Project description:Gene tree topologies have proven a powerful data source for various tasks, including species tree inference and species delimitation. Consequently, methods for computing probabilities of gene trees within species trees have been developed and widely used in probabilistic inference frameworks. All these methods assume an underlying multispecies coalescent model. However, when reticulate evolutionary events such as hybridization occur, these methods are inadequate, as they do not account for such events. Methods that account for both hybridization and deep coalescence in computing the probability of a gene tree topology currently exist for very limited cases.
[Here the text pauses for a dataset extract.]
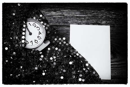 Black and white vintage image. An empty letterhead on an old wooden table next to a clock and a shiny festive fabric with silver sequins. Holiday concept in retro style

However, no such methods exist for general cases, owing primarily to the fact that it is currently unknown how to compute the probability of a gene tree topology within the branches of a phylogenetic network. Here we present a novel method for computing the probability of gene tree topologies on phylogenetic networks and demonstrate its application to the inference of hybridization in the presence of incomplete lineage sorting. We reanalyze a Saccharomyces species data set for which multiple analyses had converged on a species tree candidate. Using our method, though, we show that an evolutionary hypothesis involving hybridization in this group has better support than one of strict divergence. A similar reanalysis on a group of three Drosophila species shows that the data is consistent with hybridization. Further, using extensive simulation studies, we demonstrate the power of gene tree topologies at obtaining accurate estimates of branch lengths and hybridization probabilities of a given phylogenetic network. Finally, we discuss identifiability issues with detecting hybridization, particularly in cases that involve extinction or incomplete sampling of taxa.